Breathtaking views of the Cascade Mountains can be seen from a golf green in Bend that rolls both quick and true. Two bunkers are perfectly manicured with a light-brown sand that accepts a wedge with ease.
The approach areas are pristine, grown with bentgrass that offers perfect lies. But this green is not found at Widgi Creek, or Broken Top — or even Pronghorn, for that matter.
This 7,000-square-foot green is in the expansive southeast Bend backyard of Marjorie Miller and Rick Humphrey. Avid golfers, the part-time Central Oregonians are co-owners of a successful tax consulting firm. And they know how to spend at least some of their wealth.
“If you have a property like this, you have to landscape it anyway,” says Humphrey. “And when you looked at that, we are saying, ‘This is a beautiful spot. What would look prettier there than a golf hole?’ Nothing.”
Humphrey does not acknowledge that his statement would sound insane to a nongolfer. “So we invested some money into it,” he continues, “and we get a lot back from it.”
What Humphrey and Hamilton got back was a backyard unlike any other in Central Oregon. The married couple, with the help of former Pronghorn head of agronomy John Anderson, turned the 20 acres of land surrounding their home into probably the most unique golf practice facilities in the region.
Humphrey and Miller want to show off their creation like a mother with a newborn baby.
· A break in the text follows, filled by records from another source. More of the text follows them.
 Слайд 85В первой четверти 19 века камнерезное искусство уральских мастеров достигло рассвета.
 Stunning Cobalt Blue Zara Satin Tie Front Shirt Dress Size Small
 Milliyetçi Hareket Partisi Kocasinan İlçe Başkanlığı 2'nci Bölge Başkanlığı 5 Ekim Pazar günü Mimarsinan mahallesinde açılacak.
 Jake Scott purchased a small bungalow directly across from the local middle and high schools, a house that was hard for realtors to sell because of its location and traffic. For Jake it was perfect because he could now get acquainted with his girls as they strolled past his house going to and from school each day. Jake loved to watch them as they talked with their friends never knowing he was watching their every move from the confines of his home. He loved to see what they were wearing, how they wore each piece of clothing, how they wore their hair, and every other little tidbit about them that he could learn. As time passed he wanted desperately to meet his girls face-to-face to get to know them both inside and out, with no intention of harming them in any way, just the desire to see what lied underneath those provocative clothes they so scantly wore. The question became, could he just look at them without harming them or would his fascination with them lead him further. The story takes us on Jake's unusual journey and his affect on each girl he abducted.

To that end, the couple offered me a chance to play the course, along with Tetherow Golf Club architect David McLay Kidd, and I did not turn them down.
Named “Fore 3 Labs” (the couple owns three Labrador retrievers), the course includes nine sets of tee boxes arranged in a semicircle around the massive double green.
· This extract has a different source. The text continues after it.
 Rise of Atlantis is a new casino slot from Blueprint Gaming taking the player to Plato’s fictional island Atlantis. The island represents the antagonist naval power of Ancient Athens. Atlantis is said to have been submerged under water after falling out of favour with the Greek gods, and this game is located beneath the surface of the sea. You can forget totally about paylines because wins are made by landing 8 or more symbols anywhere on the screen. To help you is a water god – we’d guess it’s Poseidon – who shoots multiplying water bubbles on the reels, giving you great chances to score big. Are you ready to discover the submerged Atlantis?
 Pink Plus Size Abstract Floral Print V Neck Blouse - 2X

The tees range in distance from 89 yards to 338 yards (the layout also includes a small fairway for the par 4s) to the two pins on the green, giving two distances from each tee box to create essentially 18 different holes.
And the course features a small pond, which I proudly christened with a wayward 8-iron. (Humphrey, who has a 3 handicap, also credits me with the first hole-in-one after I holed out with a 100-yard sand wedge. Just thought I’d mention that.)
The green, however, is what makes the course special.
The putting surface was built to United States Golf Association standards, and it looks and feels similar to the greens at Pronghorn — considered by many to have the best conditioned golf courses in the region.
The similarities to the private golf course northeast of Bend is not an accident, as Humphrey and Miller are founding members at the club.“It will help my putting tremendously if I come out and practice,” says Miller. “We can really practice here and have it translate to Pronghorn.”
The green is surrounded by fescue grass, and the two bunkers are filled with sand brought in from the shores of Washington’s Puget Sound.In other words, the green is the real thing. But don’t take my word for it.
“I’ve played many of the golf courses in Central Oregon, but the quality of this (green) is probably better than anything,” says Kidd. He is the acclaimed golf course architect and Bend resident who designed Tetherow Golf Club in Bend and the first course at the Bandon Dunes Golf Resort on the southern Oregon Coast.
“It’s probably the best green in Central Oregon.”
Kidd is not affiliated with the project, except that he has played the course. So he is not ready to say that the course is better than another of Bend’s prime golf facilities, newly opened Tetherow.
“I’ll give them best green,” Kidd jokes, to which Humphrey replies: “We think this is the best TRULY private golf course in Central Oregon.”
What does a project like this cost?
Humphrey won’t say, offering only that “I’d be embarrassed to tell you how much money we put into this.”
But Anderson, the Pronghorn agronomist, and Humphrey admit it was not cheap.
Anderson is hoping to take on similar projects for other well-to-do families in the area. He says the cost for a somewhat smaller green (maybe 5,000 square feet) of quality similar to the Miller-Humphrey project would be roughly $50,000.
“It’s expensive,” Anderson says. But, he adds, measured against the cost of an upscale landscape project, “it’s very comparable to that.”
And if you think you can do the work yourself, forget it. It’s hard to grow the proper grasses and maintain them in a way that will allow for a putting surface to roll at a speedy 11 on the Stimpmeter, a device that measures the speed of a green, which is the case at Fore 3 Labs.
Miller and Humphrey have the real golf-course-quality equipment to maintain the green, and Anderson is considered one of the best greenkeepers in the country, Kidd says.
“If we didn’t have John to do it, then we couldn’t have done it,” Humphrey says. “It’s partly the opportunity, but John was available to do this and was interested. You can see how he cares about it. So that was really the inspiration.”
A VARIETY OF GOLF HOLES
The Fore 3 Labs course offers a variety of different looks into the 7,000-square-foot green. Some tee shots bring trees into play, while other tee shots must be played over one of the two bunkers. Here is what each hole looks like from tee to green.
The course
The double green at Fore 3 Labs uses United States Golf Association standards. The putting surface uses A-4 creeping bentgrass, and the approach areas are Penn Eagle II creeping bentgrass.